The Canadian government bonds traded nearly flat Thursday as investors await August gross domestic product (GDP) figure. Also, volatile crude oil prices kept traders sidelined from safe-haven buying.
The yield on the benchmark 10-year bond, which moves inversely to its price, hovered around 0.97 percent mark, the yield on long-term 30-year note remained steady at 1.64 percent and the yield on short-term 2-year bond stood flat 0.51 percent by 12:30 GMT.
The Canadian bonds have been closely following developments in oil markets because of their impact on inflation expectations, which are well below the Bank of Canada's target. Crude oil prices climbed nearly 6 percent after OPEC confirmed that the group has struck a deal to lower crude output at its policy meeting in November.
This is the first agreement to cut production since the market crashed in 2014 following a supply glut.
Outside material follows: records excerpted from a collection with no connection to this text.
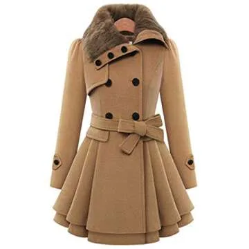 Andongnywell Women's Double Breasted Pea Coat Winter Mid-Long Trench Coat with Belt mid long tweed woollen Overcoats (Camel,Medium)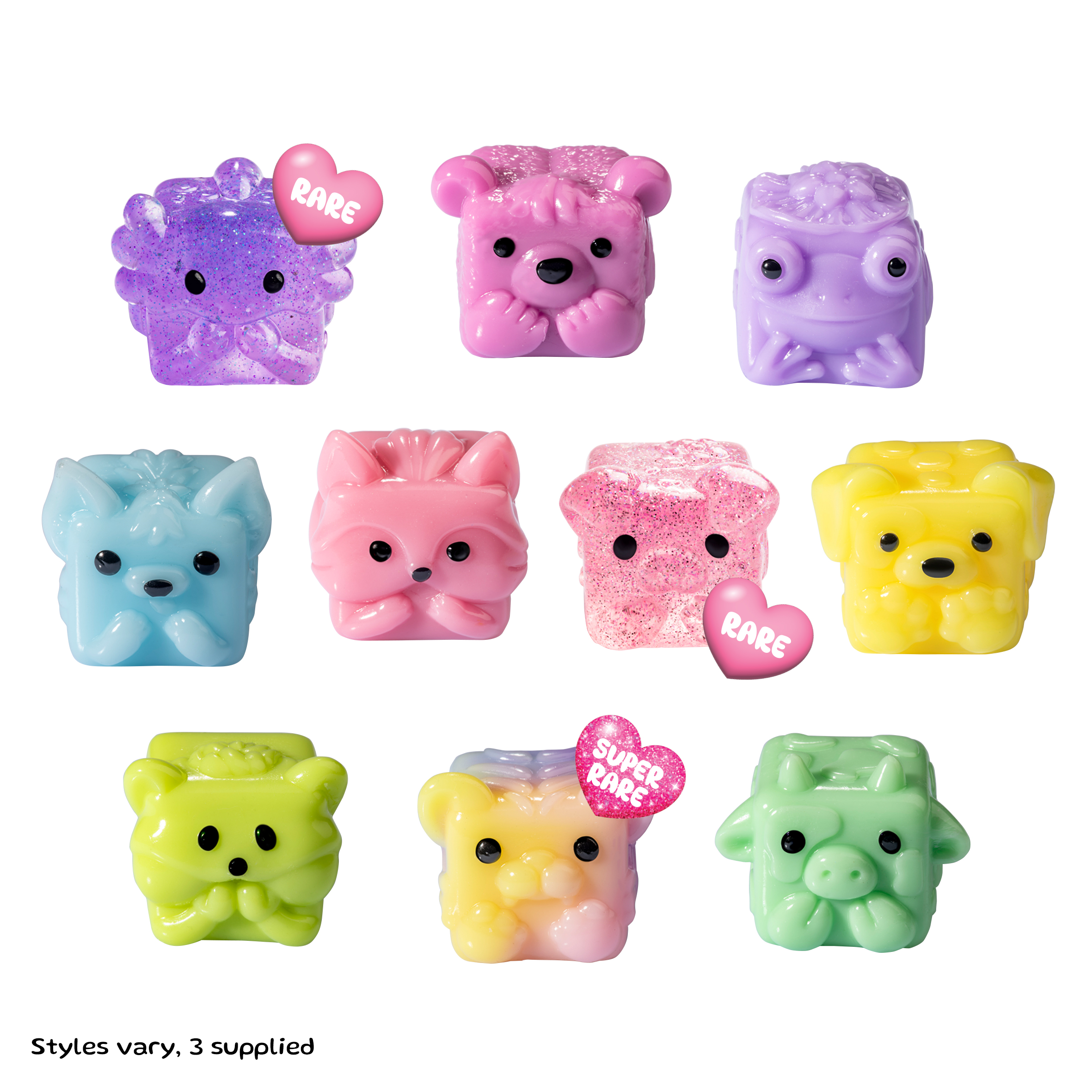 Collect, trade, and grow your MushyKinz family with this Mystery Mini Mushy Taba Squishies Fidget Toy 3 Pack range! Each blind bag includes three mystery mini MushyKinz Taba Squishies - soft, stretchy, and oh-so-satisfying to squish, squeeze and stack. Perfect for fidgeting, sensory play or silly squishy adventures. There are 10 super-cute characters to collect in Series One, including 2 rare and 1 extra-special super rare rainbow edition (each sold separately)! Will you find Button the chocolate-loving bear, Chip the shy little cow, Mochi the magical axolotl or one of the other adorable MushyKinz from the OG lineup? Make sure to keep your MushyKinz happy and clean by washing gently in warm, soapy water, letting them air-dry and popping them back into their cosy little tray after playtime.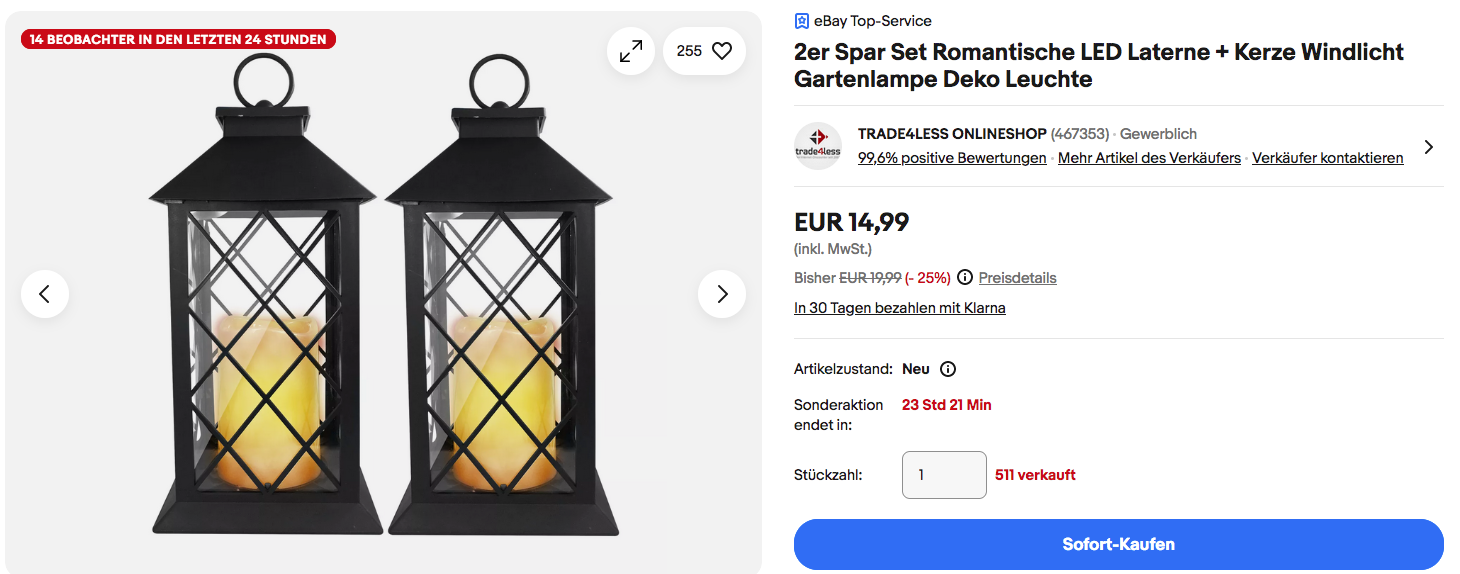 TRADE4LESS ONLINESHOP bietet aktuell bei eBay das Eaxus 2er Set Romantische LED Laterne NEU&OVP für 14,99€ inkl. Versand an, solange der Vorrat reicht.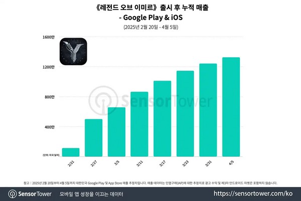 《尤弥尔传奇》以虚幻引擎5为主要卖点,玩法则是典型的天堂like。上线仅5天,游戏登上了韩国地区Goog Play畅销榜。凭借韩国市场的不俗表现,《尤弥尔传奇》入选了Sensor Tower 2月全球手游收入增长TOP 10。

The International benchmark Brent futures rose 4 percent to $49.06 and West Texas Intermediate (WTI) also bounced 4 percent to $47 from the yesterday’s closing session.
Lastly, Canadian stocks are set to open a stronger session on Thursday, as rebounding oil prices could drive gains in the energy sector.
The S&P/TSX Composite Index rose 1.19 percent at the close of the trading session to 14,731.43 on Wednesday.